「隙 間」

2010年04月29日(木) 鳴く夜、うぐいす平安興

名古屋の友が、来たのである。

単身、愛する妻子を差し置いて、やって来てくれたのである。

夕方、上野駅にて合流し、いざ向かわんや肉の陣。

かねてからの鶯谷の名店、

「鶯谷園」

を、あろうことか当日まで予約もせずに訪ねようとしていたのである。

それはいかん。
かの店は、この界隈随一の評判の店である。

待ち合わせに向かいしな連絡を入れてみると、八時半を過ぎないと席が空きません、とのことだったのである。
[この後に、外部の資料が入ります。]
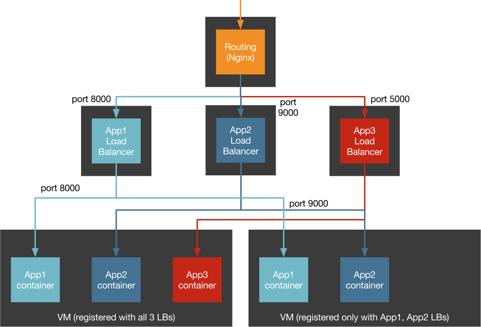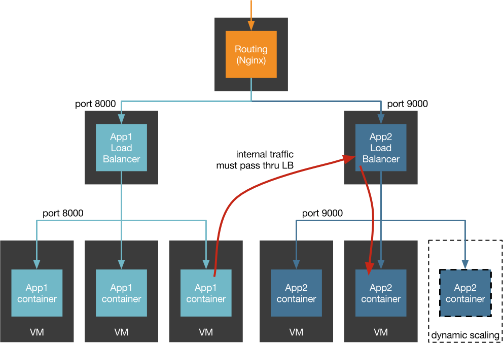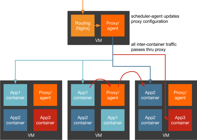 | Extra network hop from LB or local proxy | Direct container-to-container commmunication |

慌てその時間に席をとってもらうよう頼み、さりとてそれまで二時間ちかくも余裕がある。

最後の砦、我らが

「西日暮里ホルモン」

これまた秀逸な店であるが、そちらの様子を伺ってみる。

席をとるどころではなく、九時以降に店に来て待ってていなければ、いやそれでも何時になるかわからない。

との、さらに厳しい様子だったのである。

友と深くうなずき合ったのである。
次回からは、せめて前日までに店をとるようにしよう、と。

三重の半分を越え熊野に参らんとする前に、ようやく悟った次第である。

「鶯谷園」にとって返し、店前に群がる人を見る。

極旨である。

一皿目の厚切りハラミをパクリと口に放り込むや否や、

はうぅ……と。

このまま肉汁と共に溶け出してしまいたい。
これこそまさに世界平和。
蓮華に座する御姿が脳髄に浮かぶ。

向こうの友も、「おっ」と声をあげたのち、同じく感動に襲われているようであった。

一を知って十を知る。

ここは名店の類いに入るであろう。

高額を払わずして、
この幸福感である。

なんと慈愛に満ちた世界なのだろう。

至福、恍惚のひとときはあっという間に過ぎてしまうものである。

次回からはまず、この「鶯谷園」とし、ホルモンが恋しいときに「西日暮里ホルモン」を選ぶことにしたい。